Dihadirkan seorang ahli kesehatan yakni dr. Andy Darma, Sp.A (K), Husna Ika Putri Sari sebagai public figure mom, dan Nabhila
Chairunnisa selaku Digestive Care Manager Nutricia Sarihusada. Di moderator
oleh Micha Yusuf acara ini dibuka oleh penjelasan dr. Andy Darma mengenai diare
dan penanganannya.
Sebenarnya apa sih diare? Saat pup seperti disebut
diare? Diare adalah kondisi dimana penderita mengalami BAB (Buang Air Besar)
lebih dari dua atau tiga kali dalam 24 jam dengan kondisi feses yang lembek
atau cair.
Mengapa anak bisa diare? Diare bisa disebabkan oleh
infeksi dan non infeksi. Infeksi bisa karena virus, bakteri, parasit dan jamur.
Sedangkan non infeksi bisa disebabkan karena alergi dan intoleransi makanan.

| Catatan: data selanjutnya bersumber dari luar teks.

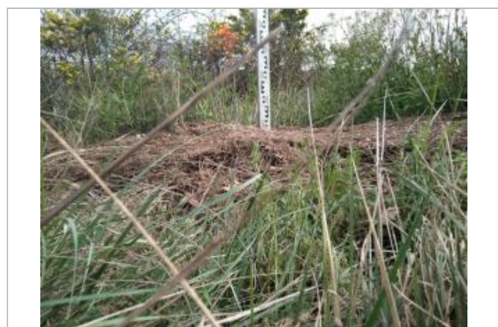
Dépôt dans la végétation
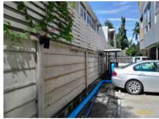
รั้วโดยรอบพื้นที่โครงการ
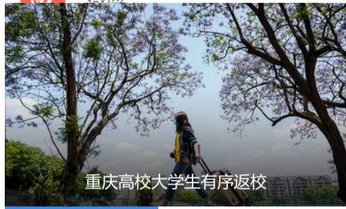
重庆高校大学生有序返校
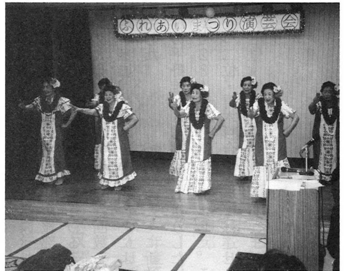
明和会の華やかなフラダンス 若さが満ち満ちています
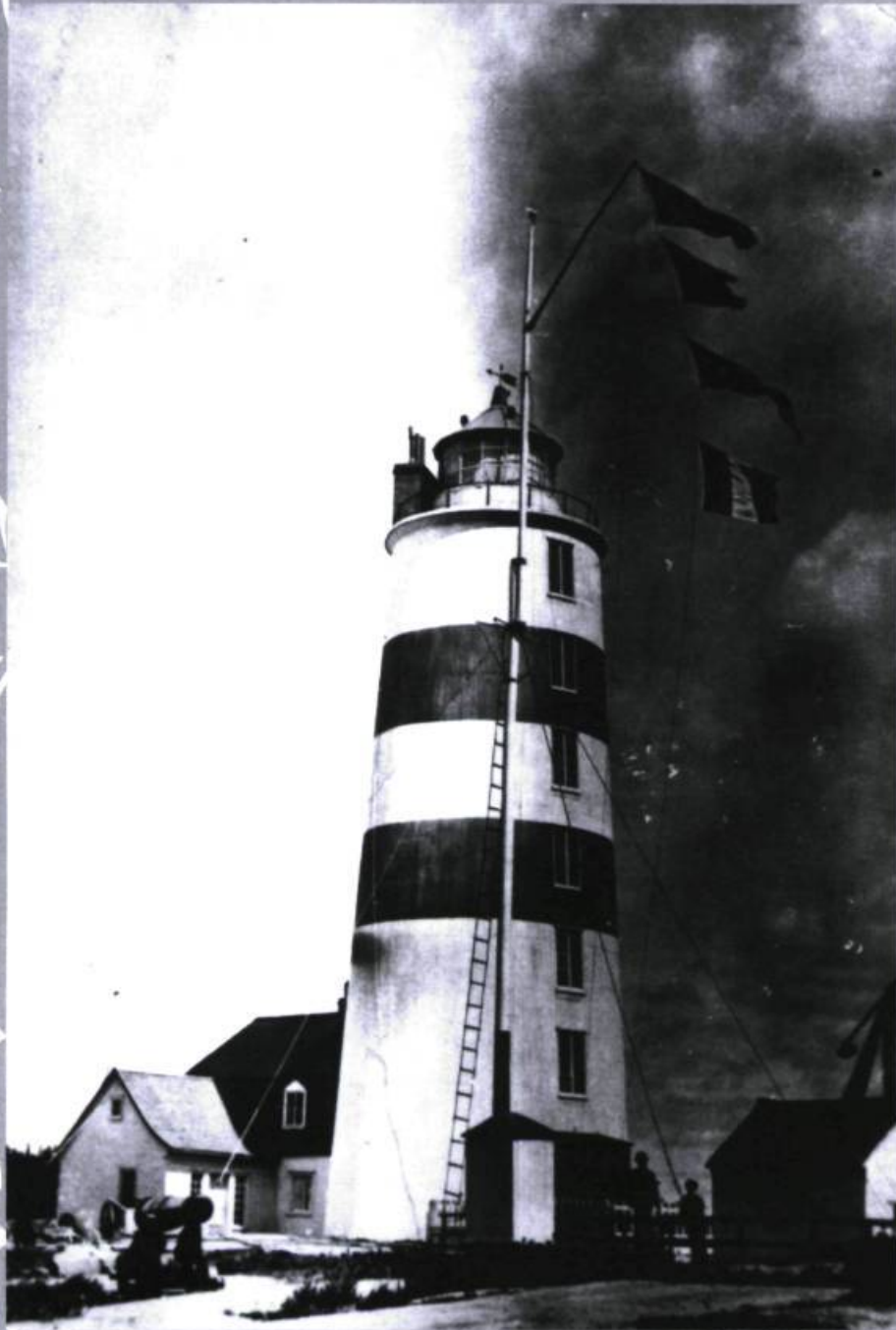
Le Phare de Pointe-des-Monts en 1905.
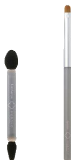
アイシャドウ チップ アイライナー ブラシ

弾力性があり粉含みがよいので、濃いめの色や発色の良いカラーの表現に最適です。 小さめの毛先は、目の キワにフィットするので、ライン使いにも。
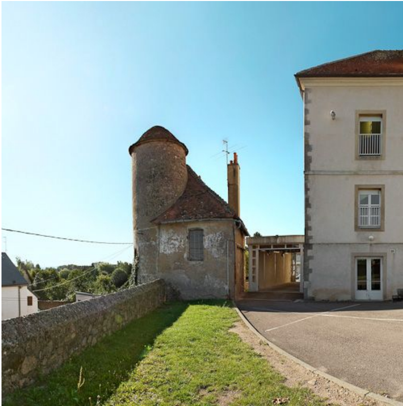
Construction ancienne incluant la tour de Poilbourg.
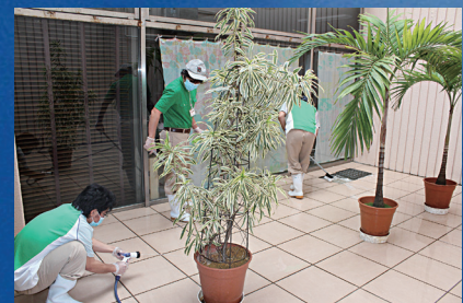
ワークプラザかふう開所 (2012)
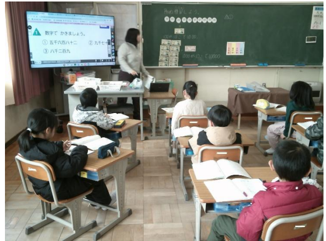
2年生 算数の授業の様子

とつぶやきました。後ろで見ていた私には、このなぞなぞのようなつぶやきが一瞬何のことか分かりませんでした。黒板に目をやると納得しました。どうやら、千円札と一万円札に描かれる2人の偉人の肖像画を見て疑問をもったようでした。（※教具は旧紙幣の物を使っています）
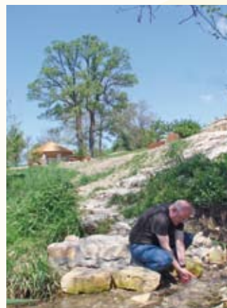
Jedno ze źródeł pod Skalą Miłości

Na północ od Mstowa, obok wsi Latosówka i Cegielnia, znajduje się spory kamieniołom wapienia. Należy on do zakładu górniczego „Latosówka”. Wejście na teren kopalni odkrywkowej jest możliwe wyłącznie dla grup zorganizowanych (max. 25 osób) po uprzednim uzgodnieniu (tel. 34 321 01 18). Kopalnia jest udostępniana zwiedzającym raz w miesiącu. Jeżeli ktoś chce poczuć klimat prawdziwego wiejskiego jarmarku, to koniecznie powinien odwiedzić Cegielnę. W poniedziałki handluje się tutaj płodami rolnymi. Stąd niedaleko już do Kłobukowic, gdzie znajdziemy zabytkowy park z lipami, kasztanowcami i jaworami (10 ha). W jego otoczeniu stoi neogotycki pałac z XIX w. oraz XVIII-wieczny spichlerz i budynek dla służby dworskiej. Przed ▶
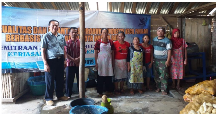
Gambar 5. Hasil dokumentasi bersama pelatihan

Pada Tabel 2 dapat dilihat bahwa rata-rata nilai pemahaman peserta mencapai 85%. Selanjutnya, dokumentasi hasil pelatihan disajikan pada Gambar 5.
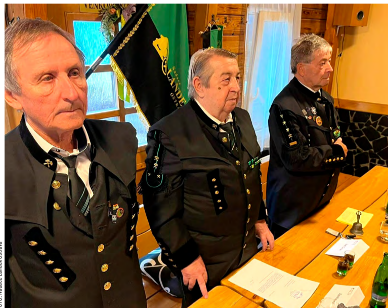
Představitelé nadace na oslavě 30. výročí.

Do 1. kola výběrového řízení Nadačního programu 2025 pro získání příspěvku podali žadatelé celkem 28 přihlášek s celkovým požadavkem na spolufinancování ve výši 1 610 400 korun. Správní rada pak na zasedání 29. října schválila 16 projektů s částkou přiznaných nadačních příspěvků ve výši 729 tisíc korun. Uzávěrka pro přijetí přihlá-
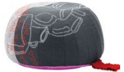
Bovist, Motiv "Pottery"

einen besonderen Reiz und an einem Griff aus gestricktem Garn kann Bovist ganz einfach in der Wohnung neu platziert werden.
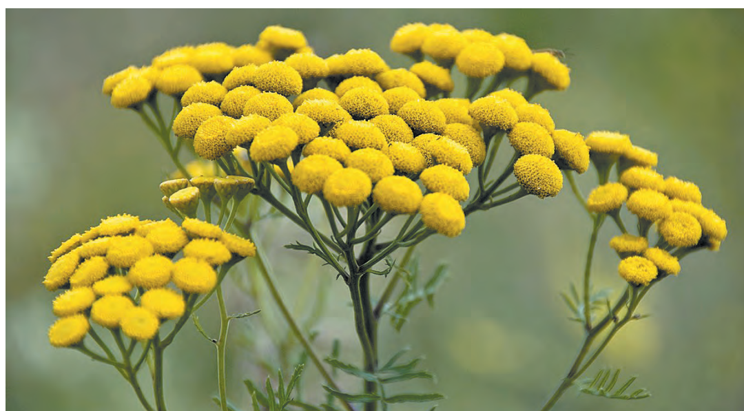
■ Цветет пижма.
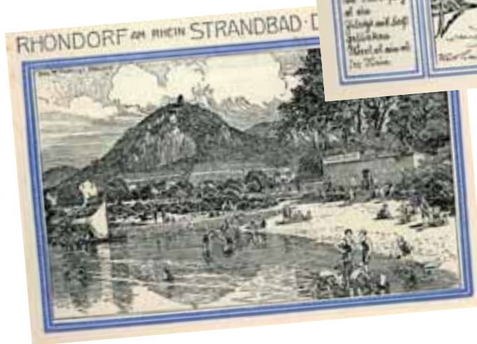
Das Rhöndorfer Strandbad zeigt die Rückseite dieses Notgeldscheines

Selbst Kleinstädte, wie das Örtchen Sternberg im heutigen Mecklenburg-Vorpommern, druckten nach Ende des Ersten Weltkrieges Geldscheine. Im Falle Sternbergs erschienen Noten, auf denen eine Hostienschändung durch Juden zu sehen war, die sich angeblich im Jahre 1492 ereignet haben soll. Das Brückenhofmuseum in Königswinter-Oberdollendorf zeigt der-
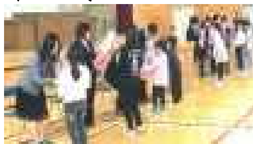
<退任者へお花のプレゼント>

4月12日(金)5校時に退任式が行われ、子供たちは本校を去られた先生方から最後のお別れの言葉を聞きました。みんな真剣な顔で話を聞き、涙を流す子供もたくさんいました。また、6校時は各学年にわかれて、学年に係りのある先生方とのお別れの会をあらためて行いました。とても心温まる素敵な会となりました。
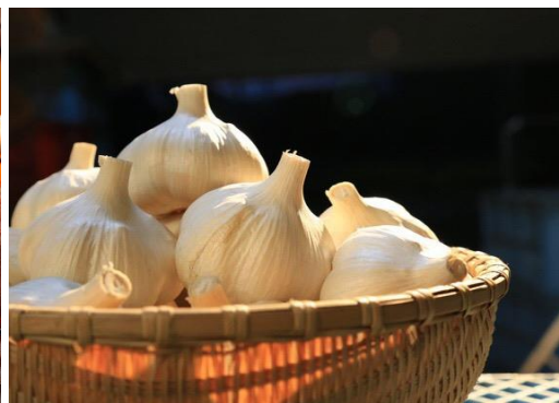
（左）牛肉との相性抜群 （右）青森県産にんにく「福地ホワイト六片」

Menurut dr Andi Darma “Penyebab terbanyak diare pada anak adalah rotavirus. Padahal
virus Rotavirus bisa bertahan selama 3 hari. Misalnya saat meletakkan diapers
begitu saja di meja. Apalagi kebiasaan masyarakat saat ini suka membuang
diapers sembarangan.” Ujarnya.
Lanjut kata dr Andi “Yang diserang rotavirus adalah
usus halus, yang jika tidak diatas dengan tepat akan mengakibatkan penurunan
daya tahan selama 3 bulan kebelakang.”
Penelitian dari Fakultas Kedokteran Universitas Gajah
Mada di 6 Rumah Sakit di Indonesia tahun 2007 menemukan bahwa sebagian (30%)
anak Indonesia yang mengalami diare karena Rotavirus juga mengalami intoleransi
laktosa.
“Saat anak diare akan mengalami intoleransi laktosa”
dr Andi memaparkan. Pada saat diare terutama oleh Rotavirus, terjadi kerusakan
jonjot usus, sehingga produksi enzim di jonjot usus yang berguna untuk proses
pencernaan nutrisi, diantaranya enzim lactase akan berkurang. Enzim lactase
berguna untuk mencerna gula alami (laktosa) yang terdapat pada susu. Laktosa
yang tidak tercerna akhirnya tidak dapat diserap sehingga menyebabkan diare
semakin berat, kembung dan tinja yang bernau asam. Inilah yang dinamakan
intoleransi laktosa.
Bagaimana tanda diare yang disertai Intoleransi
Laktose?
Diare cair berlebih
Sakit perut
Kembung
Kemerahan di sekitar anus
Sering buang gas
Tinja berbau asam
Sehingga diare harus dicegah dan atau diatasi dengan
cara yang tepat. Jika penanganan diare pada anak yang kurang tepat, akan
berpengaruh pada tumbuh kembang anak kedepan. Dipaparkan oleh Nabhila
Chairunnisa bahwa anak yang terserang diare memiliki resiko kekurangan gizi.
Tidak hanya itu anak yang sering terkena diare beresiko lebih pendek 3,6 cm
ketika berusia 7 tahun, dibandingkan teman seumurannya, dan anak yang sering
diare beresiko memiliki IQ lebih rendah.
Dr Andi mengatakan pencegahan yang disebabkan
rotavirus bisa dilakukan dengan vaksin. Jika karena bakteri bisa dicegah dengan
menjaga kebersihan dan cuci tangan. Jika disebabkan parasite maka menggunakan
sanitasi yang baik.
Lantas bagaimana penanganan diare pada anak? Nah ini
yang seru, karena dr Andi memberikan pertanyaan balik untuk dijawab, terutama
hal-hal yang berhubungan dengan mitos-mitos penanganan diare pada anak.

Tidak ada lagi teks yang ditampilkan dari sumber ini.